Rezolve AI (NASDAQ:RZLV) shares rose nearly 8% in early trading on Monday after the company reported full-year 2025 results that exceeded market expectations, driven by strong revenue growth in the second half of the year.
The AI-powered retail infrastructure company posted GAAP revenue of $46.8 million, ahead of estimates of $41.2 million. Growth accelerated significantly in the back half of the year, with second-half revenue increasing 543% compared to the first half, which generated $6.3 million.
Rezolve exited December with monthly recurring revenue of $19.4 million, implying an annualized run rate of more than $232 million. This figure surpassed the company’s prior guidance of $100 million.
Despite remaining unprofitable, Rezolve reported a narrower net loss of $0.38 per share, compared with analyst expectations for a $0.43 loss.
Gross margin for the year came in at 66% on a GAAP basis, while its core software business delivered margins exceeding 90%.
The company said it now serves more than 950 enterprise customers across sectors including retail, hospitality, quick-service restaurants, and luxury, and reported a contracted revenue base of $232 million heading into 2026.
Looking ahead, Rezolve raised its full-year 2026 revenue guidance to $360 million, supported by its existing contracted revenue and ongoing enterprise deployments. The outlook implies roughly 7.5 times growth from its 2025 revenue base.
The company also highlighted improvements in deployment timelines, stating it has reduced enterprise AI adoption cycles from around 18 months to between four and six weeks through native cloud integrations.

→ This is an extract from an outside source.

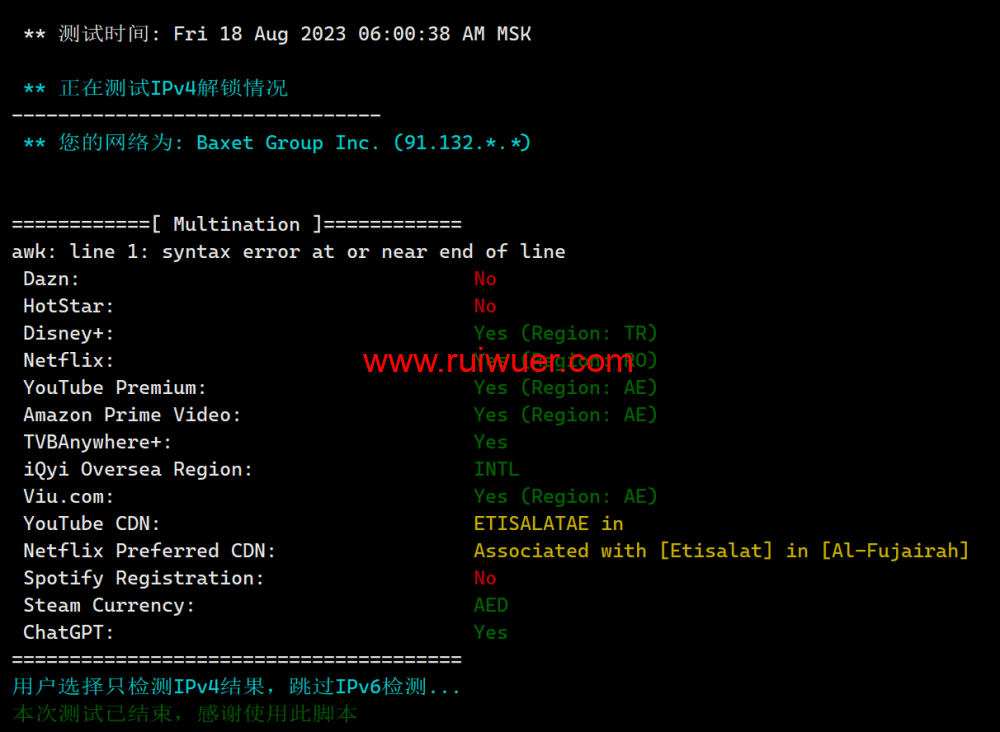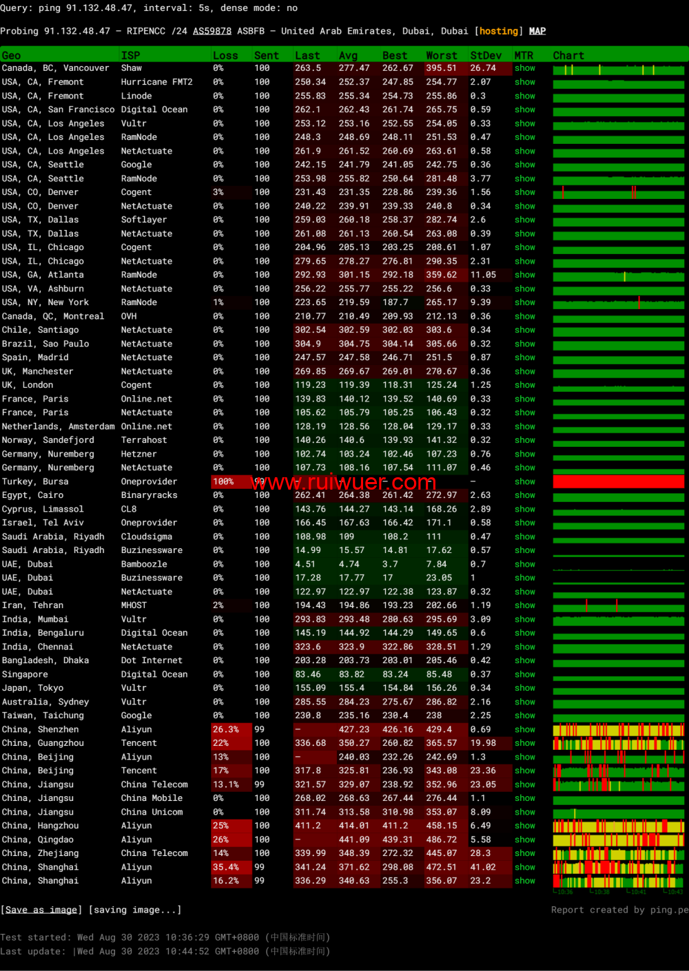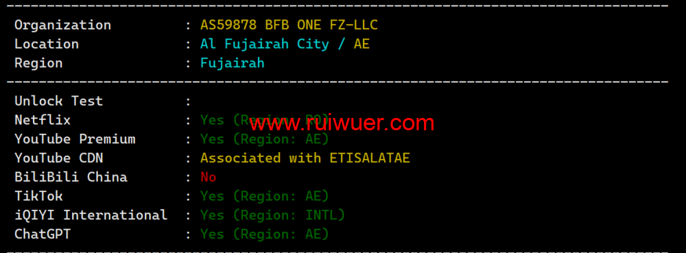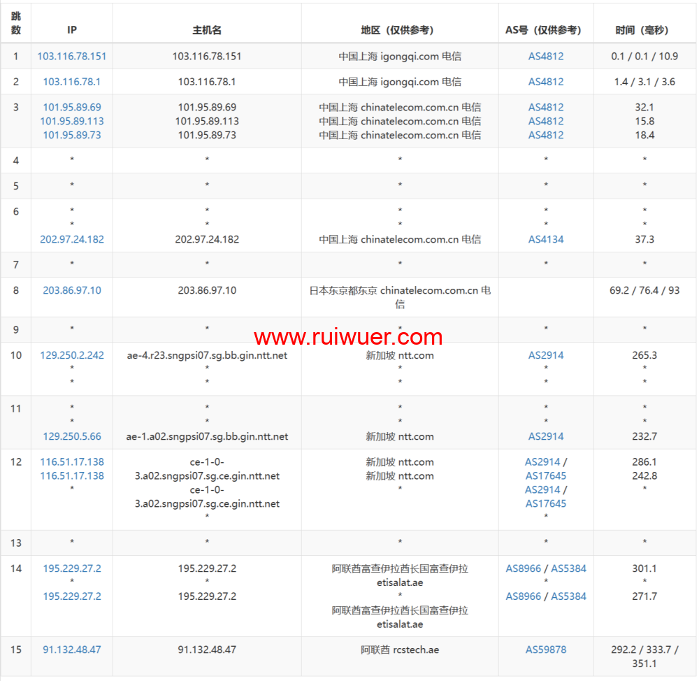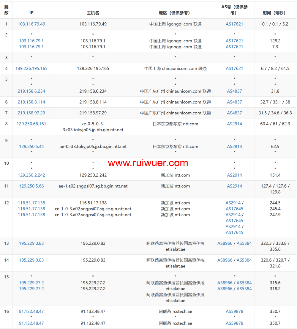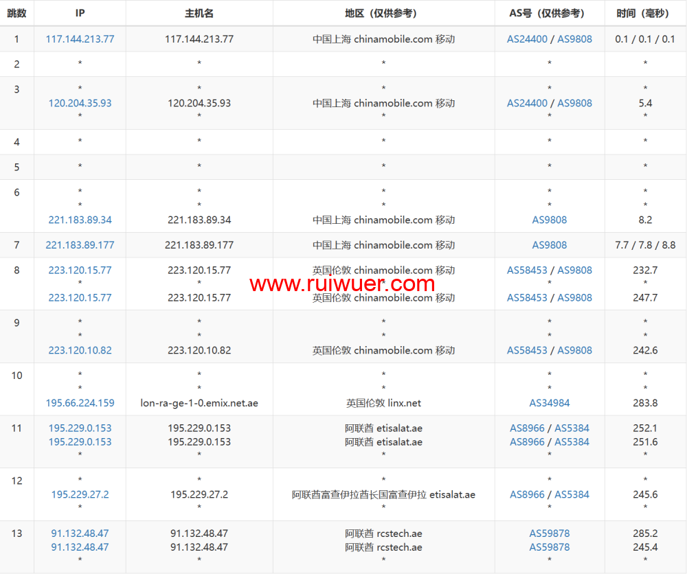 依次测试电信/联通/移动经过的地区及线路,核心程序来自ipip.net或nexttrace,请知悉! 广州电信 58.60.188.222 0.75 ms AS8849 阿联酋 富吉拉 melbicom.net 0.75 ms * RFC1918 1.82 ms AS8966 [AE-EMIRNET] 阿联酋 富吉拉 etisalat.ae 1.21 ms AS8966 [AE-EMIRNET] 阿联酋 迪拜酋长国 迪拜 etisalat.ae 116.23 ms AS3356 英国 英格兰 伦敦 level3.com 214.06 ms AS3356 [UK-LVLT] 英国 英格兰 伦敦 level3.com 446.25 ms AS4134 [CHINANET-BB] 中国 广东省 广州市 X-I chinatelecom.com.cn 电信 * ms AS4134 [CHINANET-BB] 中国 广东省 广州市 chinatelecom.com.cn 电信 349.33 ms AS4134 [CHINANET-BB] 中国 广东省 广州市 chinatelecom.com.cn 电信 474.80 ms AS134774 [CHINANET-GD] 中国 广东省 深圳市 chinatelecom.cn 电信 558.18 ms AS4134 中国 广东省 深圳市 福田区 chinatelecom.com.cn 电信 广州联通 210.21.196.6 0.51 ms AS8849 阿联酋 富吉拉 melbicom.net 0.60 ms * RFC1918 2.18 ms AS8966 [AE-EMIRNET] 阿联酋 富吉拉 etisalat.ae 269.44 ms AS8966 [AE-EMIRNET] 阿联酋 迪拜酋长国 迪拜 etisalat.ae 260.50 ms AS1239 [EQUINIX-IX] 美国 加利福尼亚州 洛杉矶 Equinix Los Angeles - Sprint - 10Gbps sprint.net 262.80 ms AS1239 [SPRINT-INNET9] 美国 加利福尼亚州 洛杉矶 sprint.net 307.70 ms AS1239 [SPRINT-INNET] 美国 加利福尼亚州 洛杉矶 sprint.net 316.00 ms AS4837 [CU169-BACKBONE] 中国 广东省 广州市 chinaunicom.cn 联通 323.16 ms AS4837 [CU169-BACKBONE] 中国 广东省 广州市 chinaunicom.cn 联通 339.79 ms AS17816 [UNICOM-GD] 中国 广东省 深圳市 chinaunicom.cn 联通 352.51 ms AS17623 [APNIC-AP] 中国 广东省 深圳市 chinaunicom.cn 联通 349.26 ms AS17623 [APNIC-AP] 中国 广东省 深圳市 宝安区 chinaunicom.cn 联通 广州移动 120.196.165.24 0.59 ms AS8849 阿联酋 富吉拉 melbicom.net 0.58 ms * RFC1918 1.58 ms AS8966 [AE-EMIRNET] 阿联酋 富吉拉 etisalat.ae 73.97 ms * RFC1918 284.56 ms AS58453 [CMI-INT] 新加坡 cmi.chinamobile.com 移动 253.06 ms AS58453 [CMI-INT] 中国 广东省 广州市 cmi.chinamobile.com 移动 252.23 ms AS9808 [CMNET] 中国 广东省 广州市 chinamobile.com 移动 252.37 ms AS9808 [CMNET] 中国 广东省 广州市 chinamobile.com 移动 217.54 ms AS9808 [CMNET] 中国 广东省 广州市 chinamobile.com 移动 254.31 ms AS9808 [CMNET] 中国 广东省 广州市 chinamobile.com 移动 220.01 ms AS9808 [CMNET] 中国 海南省 海口市 chinamobile.com 移动 255.52 ms AS56040 [APNIC-AP] 中国 广东省 深圳市 chinamobile.com 移动 ------------------------------------------------------------------------ 上海电信 202.96.209.133 0.54 ms AS8849 阿联酋 富吉拉 melbicom.net 0.84 ms * RFC1918 1.54 ms AS8966 [AE-EMIRNET] 阿联酋 富吉拉 etisalat.ae 1.16 ms AS8966 [AE-EMIRNET] 阿联酋 迪拜酋长国 迪拜 etisalat.ae 116.59 ms AS3356 英国 英格兰 伦敦 level3.com 212.81 ms AS3356 [UK-LVLT] 英国 英格兰 伦敦 level3.com 423.51 ms AS4134 [CHINANET-BB] 中国 上海市 X-I chinatelecom.com.cn 电信 342.57 ms AS4134 [CHINANET-BB] 中国 上海市 chinatelecom.com.cn 电信 329.87 ms AS4812 [CHINANET-SH] 中国 上海市 chinatelecom.cn 电信 343.35 ms AS4812 [CHINANET-SH] 中国 上海市 chinatelecom.cn 电信 上海联通 210.22.97.1 0.53 ms AS8849 阿联酋 富吉拉 melbicom.net 0.57 ms * RFC1918 3.08 ms AS8966 [AE-EMIRNET] 阿联酋 富吉拉 etisalat.ae 269.51 ms AS8966 [AE-EMIRNET] 阿联酋 迪拜酋长国 迪拜 etisalat.ae 262.83 ms AS1239 [EQUINIX-IX] 美国 加利福尼亚州 洛杉矶 Equinix Los Angeles - Sprint - 10Gbps sprint.net 261.14 ms AS1239 [SPRINT-INNET9] 美国 加利福尼亚州 洛杉矶 sprint.net 273.55 ms AS1239 [SPRINT-INNET9] 美国 加利福尼亚州 圣何塞 sprint.net 268.70 ms AS1239 [SPRINT-INNET9] 美国 加利福尼亚州 圣何塞 sprint.net 287.58 ms AS1239 [SPRINT-INNET] 美国 加利福尼亚州 帕洛阿尔托 / 圣何塞 sprint.net 330.99 ms AS4837 [CU169-BACKBONE] 中国 上海市 chinaunicom.cn 联通 286.55 ms AS4837 [CU169-BACKBONE] 中国 上海市 chinaunicom.cn 联通 * ms AS17621 [APNIC-AP] 中国 上海市 chinaunicom.cn 联通 377.77 ms AS17621 [APNIC-AP] 中国 上海市 闵行区 chinaunicom.cn 联通 上海移动 211.136.112.200 0.64 ms AS8849 阿联酋 富吉拉 melbicom.net 0.69 ms * RFC1918 3.55 ms AS8966 [AE-EMIRNET] 阿联酋 富吉拉 etisalat.ae 74.77 ms AS5384 [FALOIL-EMIRNET] 新加坡 Emirates Telecommunications Corporation 74.52 ms AS5384 [FALOIL-EMIRNET] 新加坡 Emirates Telecommunications Corporation 254.32 ms AS58453 [CMI-INT] 新加坡 cmi.chinamobile.com 移动 274.87 ms AS58453 [CMI-INT] 中国 上海市 cmi.chinamobile.com 移动 235.99 ms AS9808 [CMNET] 中国 上海市 chinamobile.com 移动 247.04 ms AS9808 [CMNET] 中国 上海市 chinamobile.com 移动 237.40 ms AS9808 [CMNET] 中国 上海市 chinamobile.com 移动 339.02 ms AS9808 [CMNET] 中国 上海市 chinamobile.com 移动 281.18 ms AS24400 [CMNET] 中国 上海市 chinamobile.com 移动 250.71 ms AS24400 [CMNET] 中国 上海市 chinamobile.com 移动 281.85 ms AS24400 [CMNET] 中国 上海市 浦东新区 chinamobile.com 移动 ------------------------------------------------------------------------ 北京电信 219.141.136.12 0.69 ms AS8849 阿联酋 富吉拉 melbicom.net 0.76 ms * RFC1918 1.12 ms AS8966 [AE-EMIRNET] 阿联酋 富吉拉 etisalat.ae 1.07 ms AS8966 [AE-EMIRNET] 阿联酋 迪拜酋长国 迪拜 etisalat.ae 115.84 ms AS3356 英国 英格兰 伦敦 level3.com 137.61 ms AS3356 [UK-LVLT] 英国 英格兰 伦敦 level3.com * ms AS4134 [CHINANET-BB] 中国 北京市 chinatelecom.com.cn 电信 324.03 ms AS4847 [CHINANET-GD] 中国 北京市 chinatelecom.cn * ms AS4847 [CHINATELECOM-BJ] 中国 北京市 chinatelecom.cn 北京联通 202.106.50.1 0.48 ms AS8849 阿联酋 富吉拉 melbicom.net 0.64 ms * RFC1918 3.12 ms AS8966 [AE-EMIRNET] 阿联酋 富吉拉 etisalat.ae 120.92 ms AS8966 [FALOIL-EMIRNET] 阿联酋 迪拜酋长国 迪拜 etisalat.ae 113

Rezolve said it has secured more than $750 million in total funding, including a $250 million raise completed in January, and does not anticipate needing additional operational equity to execute its 2026 plans.
The company is targeting an annualized run rate exceeding $500 million by the end of 2026, as it seeks to scale its position in the rapidly expanding AI-driven e-commerce market.
“2025 was the year Rezolve became the essential logic of global commerce,” the company’s CEO Daniel Wagner said in a statement.
“We have moved beyond the ‘experimentation’ phase of AI into live, production-grade infrastructure. We are the natural consolidator in this category, with both the technological and capital advantage to extend that lead.